Assume there is a graph-structure to our data, where a node is a datum / row, which needs to be labeled. And an edge exists between two nodes if they are similar, along with a weight. In this case, Label Propagation is a classic technique which has been used commonly.

I read this paper from Google Research which does a good job of generalizing and summarizing similar work done by Weston et. al, 2012, around training Neural Nets augmented by such a graph-based structure.

To summarize the work very quickly, the network tries to do two things:

a.
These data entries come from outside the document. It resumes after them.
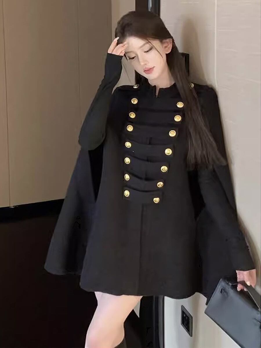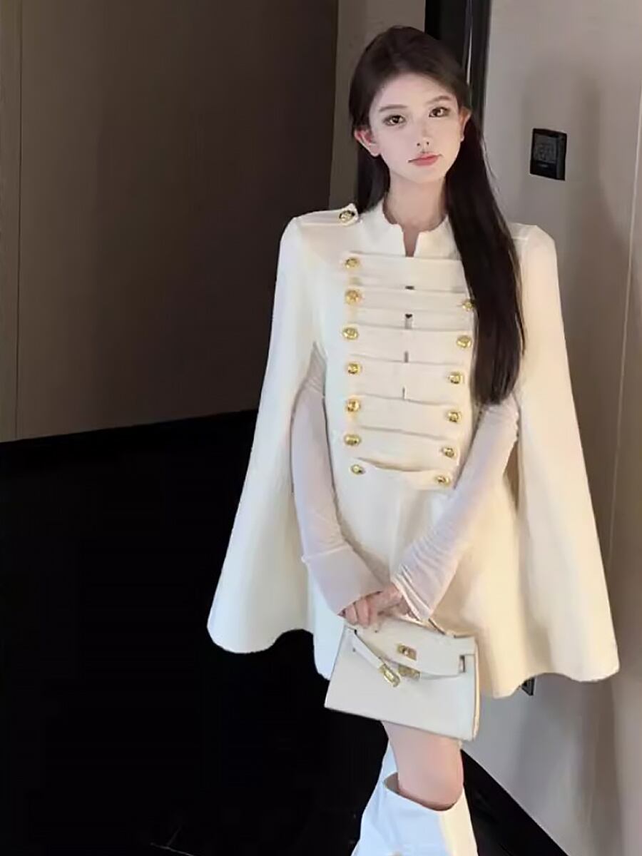 全2色 ゴールドボタンケープコート ケープ コート アウター マント 羽織り ポンチョ 英国風 クラシカル 衿なし スタンドカラー 前開き 飾りボタン カジュアル 大人 上品 おしゃれ お洒落 ゆったり ゆる かっこいい こなれ感 楽ちん ショートコート ゴールドボタン コーデ 重ね着 体型カバー ファッション 主役級 存在感 抜け感 秋 冬 レディース 通勤 学生 通学 デート お出かけ 防寒 韓国コーデ 韓国ファッション 白 ホワイト 黒 ブラック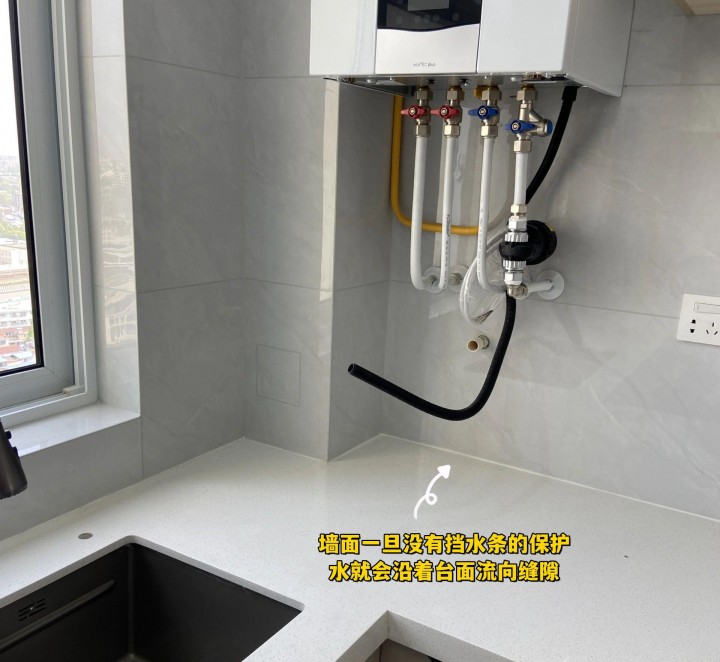墻面一旦沒有擋水條的保護,水就會沿著臺面流向縫隙,時間久了,玻璃膠便會出現受潮發霉變黑的情況,甚至會面臨脫膠、漏水的問題。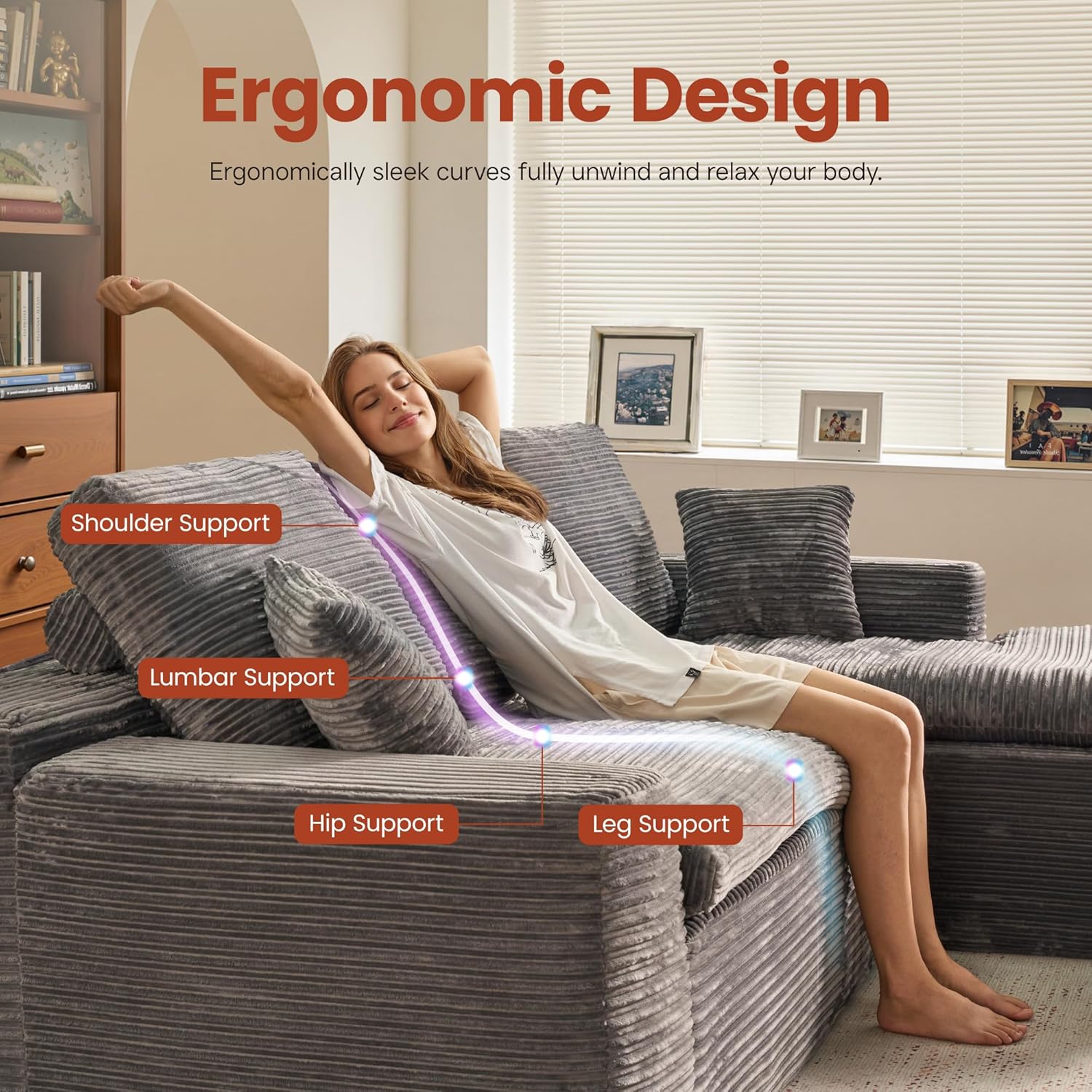 - Corduroy Fabric:Experience the lavish comfort of our enhanced corduroy fabric, offering unmatched softness and warmth. Its impressive durability and stain-fighting prowess keep your sofas looking fresh and lively. With a variety of color choices, our corduroy chaise sofa lets you showcase your unique style while adding irresistible charm to your space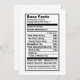 Bass singer "Nutritional Information Label" Card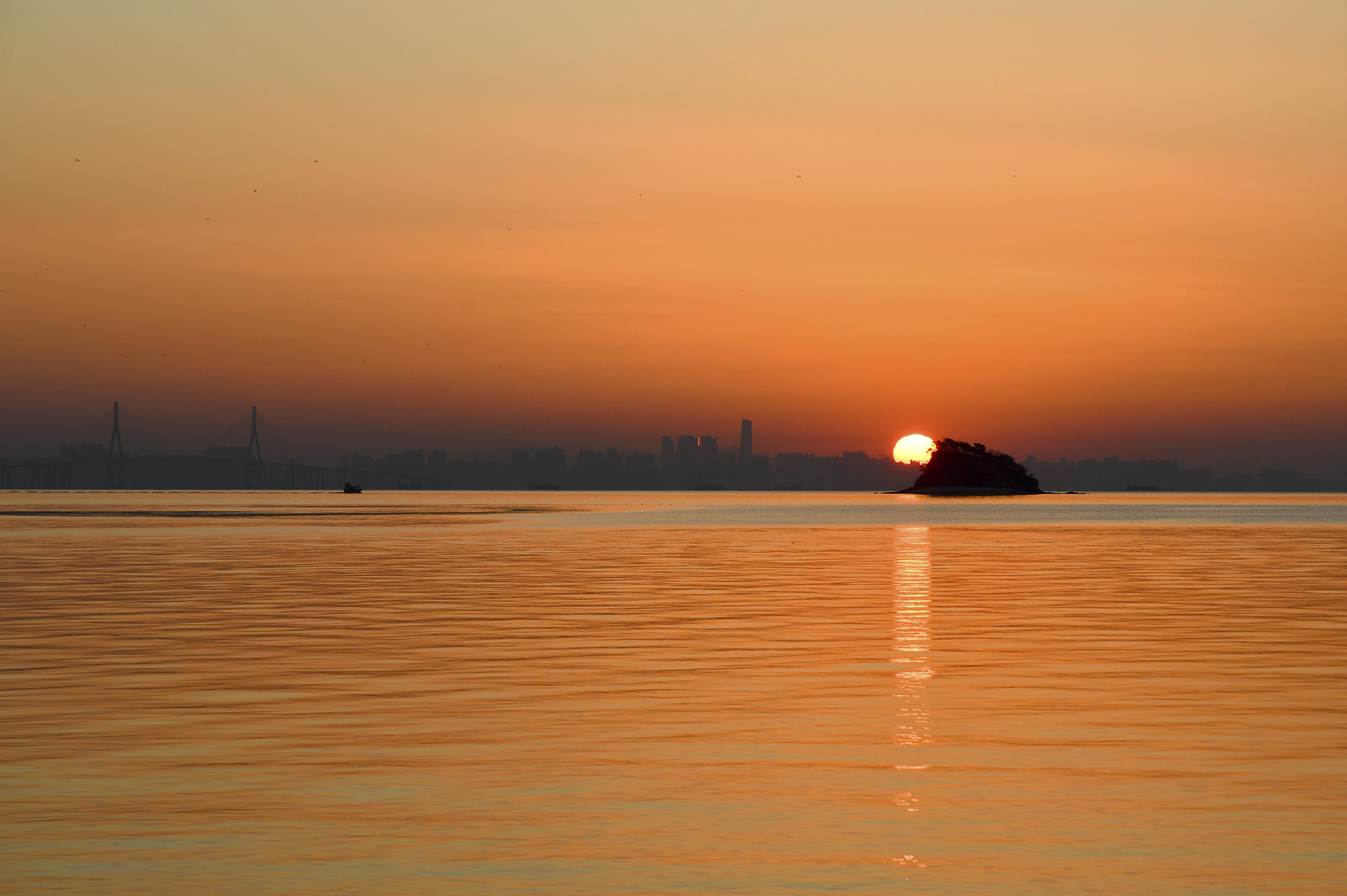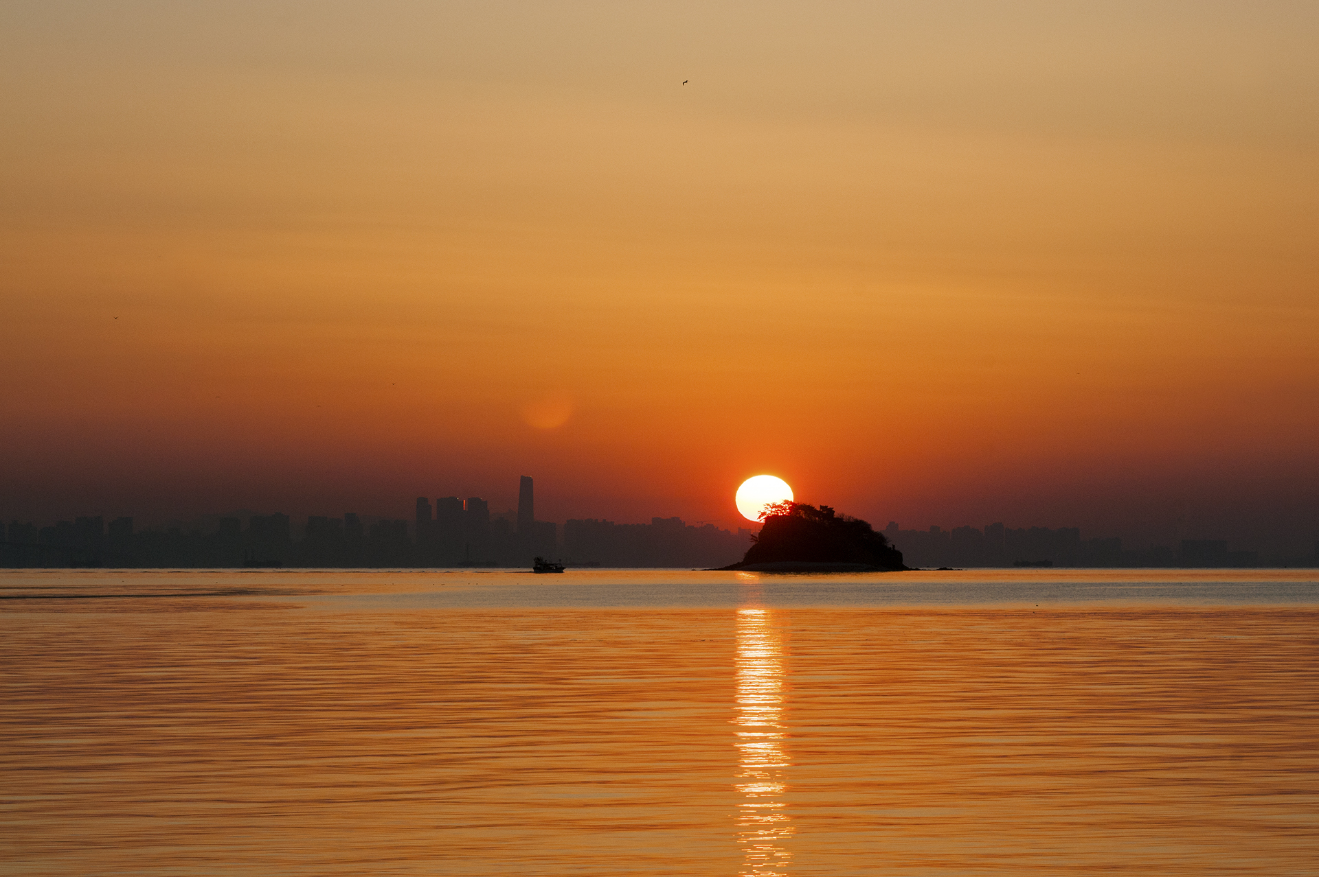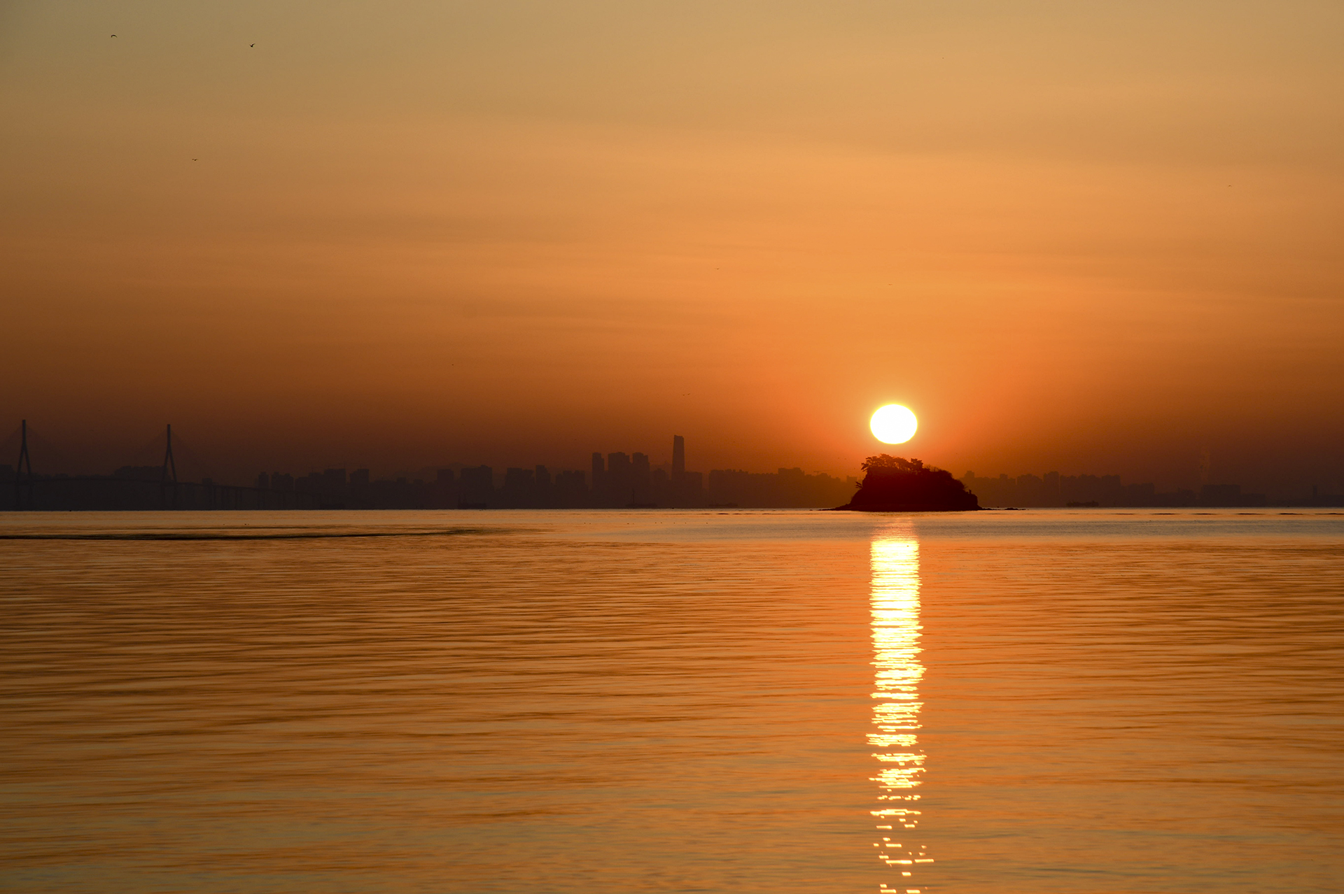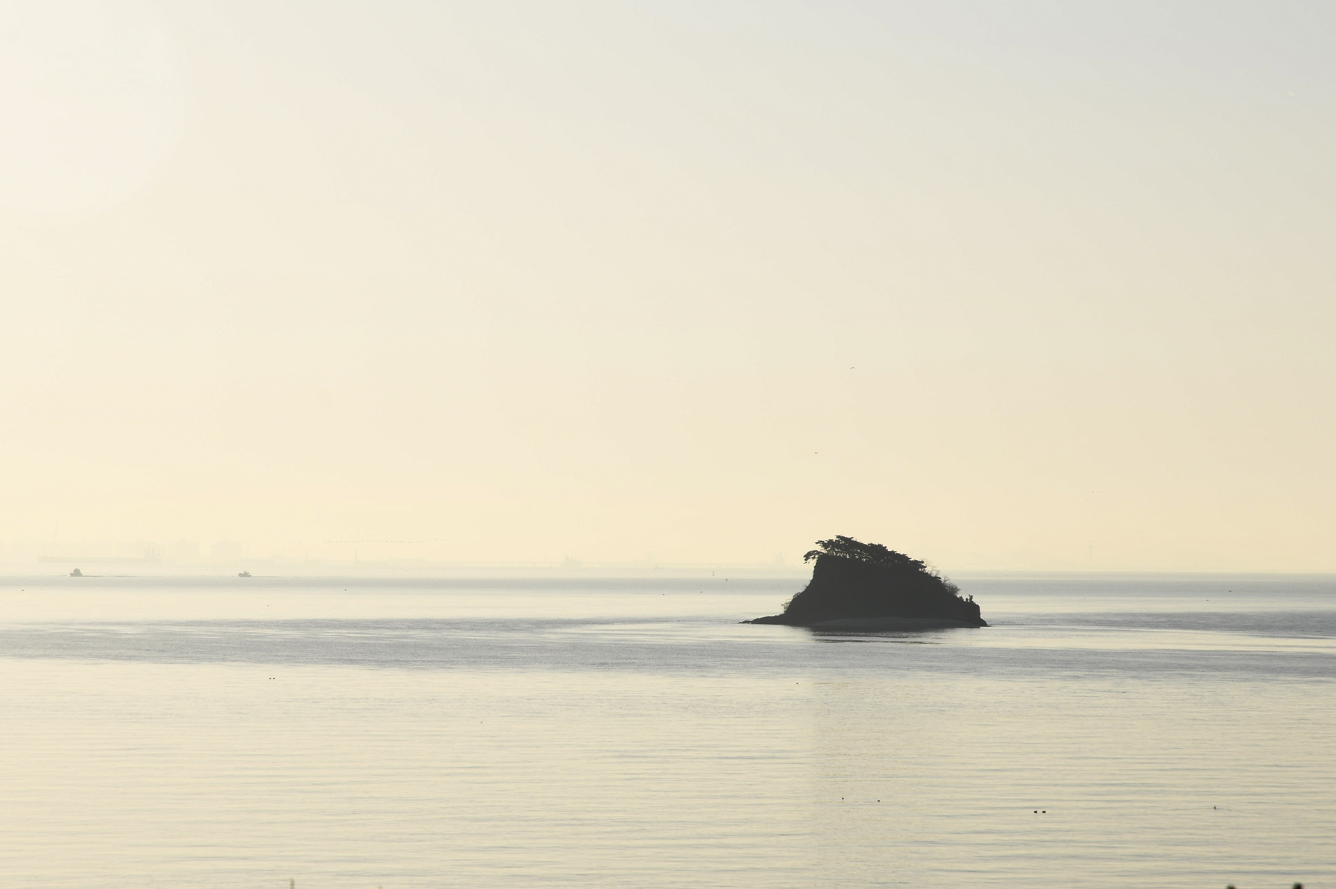 섬 위로 해가 올라서는 중이다.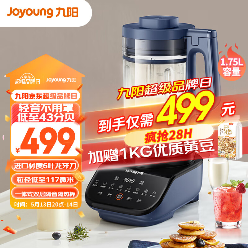 九阳(Joyoung)太空系列 轻音破壁机家用榨汁机豆浆机 多重降噪 触控大屏 纤薄底座 双层杯体L18-P516价格:522.00元!
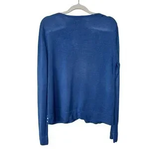 Silx Long Sleeve Silk Button Front Cardigan Light Blue Button Accent Hem Size L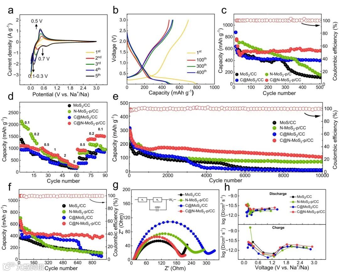 图2. (a)C@N-MoS2-p/CC电极在最初五个周期内以0.5 mV s-1的扫描速率进行的 CV 扫描;(b)1 A g-1下C@N-MoS2-p/CC电极的放电/充电曲线;(c)1 A g-1下的循环性能,右轴表示C@N-MoS2-p/CC的库仑效率;(d)所制备电极的倍率性能;(e)5.0 A g-1时的长期循环性能;(f)所制备电极在2.0 A g-1下的循环性能;(g)电极在1 A g-1下经过100次循环后的Nyquist图;(h)根据GITT测量值计算出MoS2负极的logDNa+值。

For labeled data, try to predict the correct label (of course),

b. For the entire data set, try to learn a representation of each datum (embedding) in the hidden layers of the neural net.

For nodes which are adjacent to each other, the distance between their respective embeddings should be small, and the importance of keeping this distance small is proportional to the edge weight. That is, if there are two adjacent nodes with a high edge weight, if the neural net doesn’t learn to create embeddings such that these two examples are close to each other, there would be a larger penalty, than if the distance was smaller / the edge weight was lower.

Check the figure above. The blue layer is the hidden layer used for generating the embedding, whose output is represented by $h_{\theta}(X_i)$. $y$ is the final output. If $X_i$ and $X_j$ are close-by, the distance between them is represented by $d(h_{\theta}(X_i), h_{\theta}(X_j))$.

The cost-function is below. Don’t let this scare you. The first term is just the total loss from the predictions of the network for labeled data. The next three terms are for tweaking the importance of distances between the various (labeled / unlabeled) -(labeled / unlabeled) pairs, weighed by their respective edge weights, $w_{uv}$.

I skimmed through the paper to get the gist, but I wonder that the core contribution of such a network is to go from a graph-based structure to an embedding. If we were to construct an embedding directly from the graph structure, and train a NN separately using the embedding as the input, my guess is it should fetch similar results with a less complex objective function.